Now this was a bit polemic, of course. Here's a more detailed description of what I mean:

About definitions

Since results of computations are not dictated to us be a higher power, but are consequences of the definitions of the involved operations, the question is: What definition of fractional powers of negative numbers yields the equality $(-8)^{2/3} = 4$? One can certainly give a definition which yields this result (see below), but in my experience such a definition is hardly ever used, for the following reason:

Whenever we define a mathematical concept, there's a number of issues that we should typically consider to evaluate whether the definition - let's call it $D$ - that we are putting forth is useful (or "good"):

  1. $D$ should be well motivated.

  2. $D$ should be useful in some sense.

  3. $D$ should have (to a certain extent) nice mathematical properties. (At least if we intend to build rich theory about it.)

  4. $D$ should be consistent with previous notions that are generalized by $D$.

  5. In case that even more general concepts than $D$ are available (or even common) in the literature, it is desirable that $D$ be consistent with these more general concepts.

It's not always possible to satisfy all these points, and $D$ might well turn out to be fruitful if only a subset of them are satisfied.
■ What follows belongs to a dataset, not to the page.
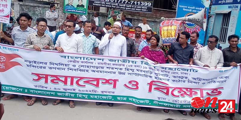 নড়াইলের দিখলিয়া ও লোহাগড়ায় শত শত হিন্দু ঘরবাড়ি লুটপাট, ভাংচুর, অগ্নিসংযোগ, মন্দিরের শিব বিগ্রহে উগ্র সাম্প্রদায়িক হামলার নিন্দা ও প্রতিবাদে বিক্ষোভ সমাবেশ কর্মসূচী পালন করেছে বাংলাদেশ জাতীয় হিন্দু মহাজোট, নীলফামারী জেলা শাখা।

But the smaller this subset is, the less likely it become that it is a good choice to use $D$.

Fractional powers $x^{\alpha}$ for positive numbers $x$.

(Here, $\alpha$ is a rational number.)

I think it is useful to first point out why things work so well for $x > 0$. There are, of course, various different approaches to define fractional powers of positive numbers - but they all turned out to be equivalent (in the sense that they all yield the same result). Here's what happens to the points 1)-5) above:

  1. Depending on the approach one uses to define $x^\alpha$ for $x > 0$, there are various ways to motivate the definition. (I guess there's no point in listing some of them here.)

  2. The (equivalent) definitions of $x^\alpha$ are, for instance, useful because they tell use something about solutions of equations: For a non-zero integer $q$ and a real number $x > 0$, the number $y = x^{1/q}$ is the only positive real number that satisfies $y^q = x$. This shows that positive numbers to the power $1/q$ are a useful concepts. This idea that "fractional powers solve equations" is consistent with more general fractional exponents: For non-zero rational $\alpha$ and for positive $x$, the number $y = x^{1/\alpha}$ is the only positive solution of $y^\alpha = x$.

  3. For fixed $x > 0$, there are various nice properties of the mapping $\alpha \mapsto x^\alpha$. For instance, it is a group homomorphism from the additive group of rational numbers into the multiplicitive group of positive real numbers. Moreoever, it is continuous, and it's continuous extension to $\alpha \in \mathbb{R}$ is even differentiable, and in fact even real analytic.

  4. The definition is consistent with the definition of $x^n$ for integer $n$.

  5. The definition is also consistent with the definition of $x^\alpha$ for real $\alpha$ and $x > 0$ (that one obtains either by continuous continuation of fractional powers, or by using the real exponential function and logarithm). It is even consistent with the definition of $x^\alpha$ that one obtains for $x \in \mathbb{C} \setminus (-\infty,0]$ and $\alpha \in \mathbb{C}$ by using the principal branch of the complex logarithm.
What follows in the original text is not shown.